Sometimes we all like to "go clown", you know, go to McDonalds.
The restaurant is still named after him, but they can't get the clown – Ronald – to do shit at the store anymore.
Having the clown, or Hollywood Ron, as the regular employees call him, work at your location is a burden, like having the owner's spoiled stoner nephew work for you.
He comes in late, eyes all red, and… sits down.
“Oh no, don't worry, Ron, I'll do it. I'll clean the toilets. I don't want you to have to get up.”
And when he does help out in food prep, it’s a pain in the ass.

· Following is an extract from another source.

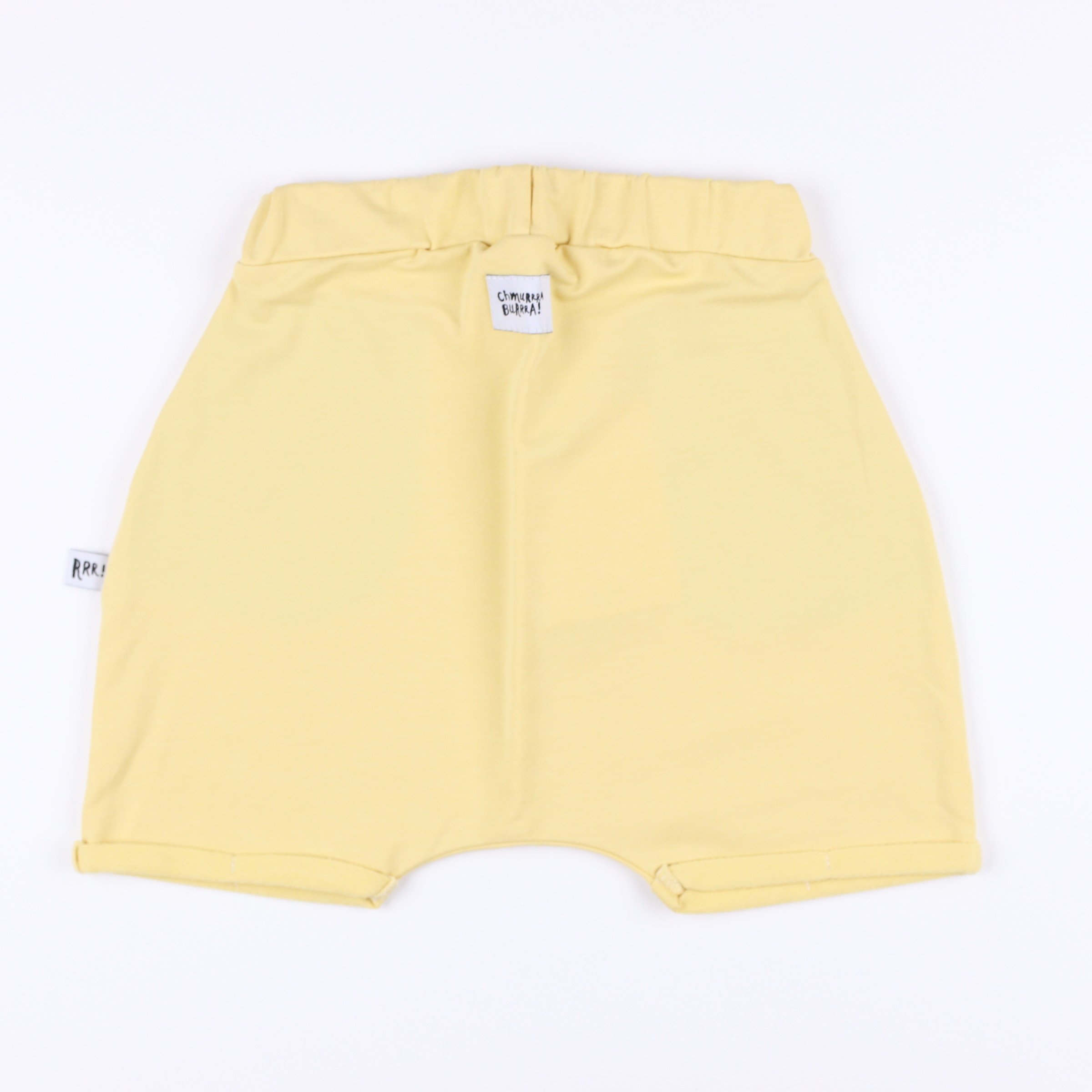 Ulubione letnie spodenki muszą spełniać kryteria wygody i swobody. Nasze są lekkie, miękkie w dotyku i w pięknym jasnożółtym odcieniu – nic dziwnego, że dzieciaki je uwielbiają. Całości dopełniają folkowe paski na kieszeniach.

Hey Ron, there's a hair in this Big Mac?
Oh it's not yours?
Well its a curly, bright red, about a foot long,
Not yours? Well look around Ron, does anybody else here have red hair?”
WE HAVE NO PANCAKES
At McDonald’s they use a lot of “corporate speak,” or made up words for their products.
The other morning I ordered pancakes
The McDonald’s manager said, “we don't have pancakes, we have hotcakes”
“What are hotcakes?”
“Ok I'll have flapjacks. And coffee”
“What size coffee?”
I said, “Venti.”
They said, “What?”
I said, “that means large.” They said “ok.”
Another time, I ordered a cappuccino and they asked, “what flavor?”
And I said, “no flavor.”
They said, “You don't want flavor?”
(aside to other employee) “He don't want no flavor!”
“Sir, I cant be responsible if you don’t like your coffee with no flavor.”
“I like coffee flavor. You don’t have to put a caramel chocolate candy bar in it for me to like it.”
In the drive thru, corporate speak is welcomed and encouraged.
When the intercom says, “Welcome to McDonalds, can I take your order?”
Say: “Just a McMinute...I’m looking at the McMenu”
“McMay I have the Big McMac, a McMedium McMinute Maid lemonade, and... Mcmaybe…
And yes, one Happy McMeal
How much McMoney will that be, McMa’am?”
In summary, Jack-in-the-Box is the same as McDonalds, but with a scarier clown. And with more fried things: like a sports bar appetizer menu.